Abstract
The International Consortium for Innovation and Quality (IQ) in Pharmaceutical Development is a science-focused organization of pharmaceutical and biotechnology companies. The mission of the Preclinical Safety Leadership Group (DruSafe) of the IQ is to advance science-based standards for nonclinical development of pharmaceutical products and to promote high-quality and effective nonclinical safety testing that can enable human risk assessment. DruSafe is creating an industry-wide database to determine the accuracy with which the interpretation of nonclinical safety assessments in animal models correctly predicts human risk in the early clinical development of biopharmaceuticals. This initiative aligns with the 2011 Food and Drug Administration strategic plan to advance regulatory science and modernize toxicology to enhance product safety. Although similar in concept to the initial industry-wide concordance data set conducted by International Life Sciences Institute’s Health and Environmental Sciences Institute (HESI/ILSI), the DruSafe database will proactively track concordance, include exposure data and large and small molecules, and will continue to expand with longer duration nonclinical and clinical study comparisons. The output from this work will help identify actual human and animal adverse event data to define both the reliability and the potential limitations of nonclinical data and testing paradigms in predicting human safety in phase 1 clinical trials.
Keywords
Introduction
Nonclinical safety assessment, utilizing animal toxicology studies, plays an important role in drug development. Data from animal toxicology studies are used to characterize potential safety risks for humans (identify target organs of toxicity) and to help determine a safe starting dose for first-in-human (FIH) clinical trials. The drug development process is highly controlled, based on specific regulatory agency criteria. Drug candidates must be evaluated in animal toxicology studies to support their first entry into the clinic, longer duration clinical trials, and marketing approval.

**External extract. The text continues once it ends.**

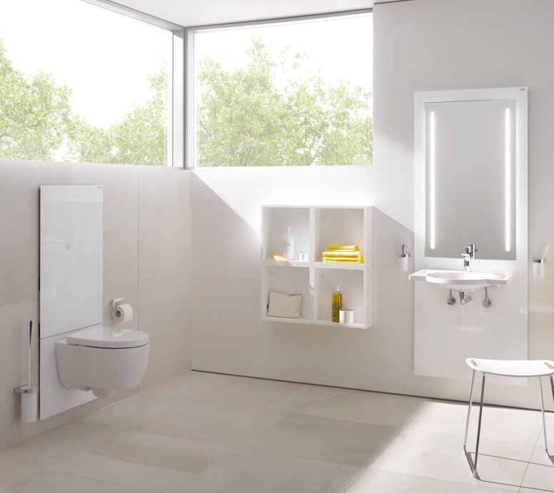 Kombinieren Sie dazu Produkte, die funktionale Anforderungen erfüllen, mit einem gestalterischen Anspruch. Die Auswahl sollte stets im Kontext des Gesamtfarbkonzepts erfolgen, um sowohl die Normanforderungen als auch die ästhetischen Vorstellungen der AuftraggeberInnen zu erfüllen. Nähere Informationen zur demenzgerechten Sanitärraumgestaltung haben wir in diesem Artikel zusammengetragen.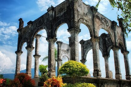 Sur les deux rives de la rivière bleue de l'église et des arbres verts sur fond de ciel bleuSur les deux rives de la rivière bleue de l'église et des arbres verts sur fond de ciel bleu

The International Conference on Harmonization (ICH) provides guidance on the selection of animal models and the conduct of the animal toxicology studies for both small and large molecules (ICH M3 (R2) 2009; ICH S6 1997; ICH S6 (R1) 2011). The majority of relevant data from animal toxicology studies, for example, the identification of target organs of toxicity and establishing the no observed adverse effect level (NOAEL), is determined by histopathology results. Thus, the toxicologic pathologist is a key contributor to nonclinical drug safety data generation, interpretation, and risk assessment.

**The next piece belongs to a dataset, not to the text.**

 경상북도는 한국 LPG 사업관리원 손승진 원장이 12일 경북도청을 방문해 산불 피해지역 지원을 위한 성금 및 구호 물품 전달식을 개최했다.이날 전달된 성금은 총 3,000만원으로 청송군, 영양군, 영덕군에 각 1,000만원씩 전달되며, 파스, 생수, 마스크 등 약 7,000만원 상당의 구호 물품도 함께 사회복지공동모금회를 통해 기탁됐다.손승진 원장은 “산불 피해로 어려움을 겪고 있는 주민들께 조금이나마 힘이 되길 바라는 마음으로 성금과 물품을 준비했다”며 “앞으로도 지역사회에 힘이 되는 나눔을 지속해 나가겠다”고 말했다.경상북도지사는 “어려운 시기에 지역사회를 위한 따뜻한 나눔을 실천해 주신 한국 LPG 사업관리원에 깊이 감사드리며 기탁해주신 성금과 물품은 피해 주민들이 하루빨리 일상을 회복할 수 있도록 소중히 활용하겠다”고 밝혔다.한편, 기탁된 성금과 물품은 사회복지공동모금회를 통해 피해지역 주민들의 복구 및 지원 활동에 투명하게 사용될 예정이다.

The typical testing paradigm, based on the ICH, is to evaluate drug candidates in both a rodent and a nonrodent animal model. While the mouse is often favored for nonclinical pharmacology and efficacy studies, it is not routinely used for toxicology studies. The rat is the rodent model generally preferred for toxicology studies because of its larger size that provides ease of handling and blood sampling. The beagle dog is the typical nonrodent animal model because of the long history in utilizing purpose-bred beagle dogs in pharmaceutical development (large historical database) and because of their amicable human interactions (Tomaszewski 2004). Many large molecules (e.g., monoclonal antibodies), however, are highly specific for only the human target, usually resulting in the selection of the nonhuman primate (NHP) as the relevant (e.g., target homology, similar pharmacodynamic response as humans) nonrodent species for safety assessment (Chapman et al. 2007, 2009). More recently, the minipig is being evaluated as an alternative nonrodent species to the NHP and dog (Forster et al. 2010).
Current Testing Paradigm: Based on Science or Tradition?

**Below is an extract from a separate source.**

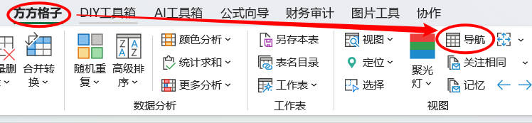 方方格子的导航功能,能够实现多工作簿、工作表的快速切换、查找、删除和新建。通过清晰的菜单、分类和路径指引,提升操作效率。

It is noteworthy to chronologically review how regulatory agencies and the pharmaceutical industry arrived at the current nonclinical safety testing paradigm that resulted in evaluating new drug candidates in both a rodent and a nonrodent animal model (Zbinden 1993). Early pharmacologists did most of their work with mice but oftentimes followed up with studies in additional animal models, such as the rat and guinea pig (Trevan 1927). So, for pharmacologists branching into toxicology, it was becoming clear that acute toxicity testing should be completed in several species. By 1935, a prominent pharmacologist reported that acute toxicity testing should be conducted in mice and rats followed by small numbers of guinea pigs, rabbits, cats, or dogs (Zbinden 1993).
Moving forward to the early 1940s, an official paper was issued by the Food and Drug Administration (FDA) based on a working group (WG) consisting of experts from the Council of Pharmacy and Chemistry of the American Medical Association (Woodward and Calvery 1943; Van Winkle et al. 1944). The recommendation, in regard to species selection, was based on length of the toxicology study. Three or more species were needed for acute and chronic studies, while 1 or more species were needed for subacute testing. The definitions of acute, subacute, and chronic study duration were not provided. It was stated, however, that the actual species to be used in the studies was at the discretion of the toxicologist.
During the next 2 decades, efforts to provide formal guidelines for nonclinical safety testing were never achieved through joint efforts of the government and private industry, so the regulatory agencies (both in the United States and in the ex-United States) took the lead on their own. In a scientific presentation in 1963, the FDA presented their views on animal species and toxicology testing (Lehman 1963): “acute” testing—4 species and 1 being a nonrodent and “subacute” or “chronic” testing—2 species and 1 a nonrodent. Within the United States, these “guidelines” became more or less formalized over time in regard to what species should be used.
The next document, issued by the Pharmaceutical Manufacturers Association (PMA 1977) in the 1970s, became the unofficial but generally followed guideline for nonclinical safety testing for pharmaceuticals. This guideline reaffirmed that both the rodent and the nonrodent were the preferred combination, suggesting that tradition, rather than science, dictated this paradigm. Purpose-bred beagle dogs of good quality also became available in sufficient numbers during this time period (Zbinden 1993).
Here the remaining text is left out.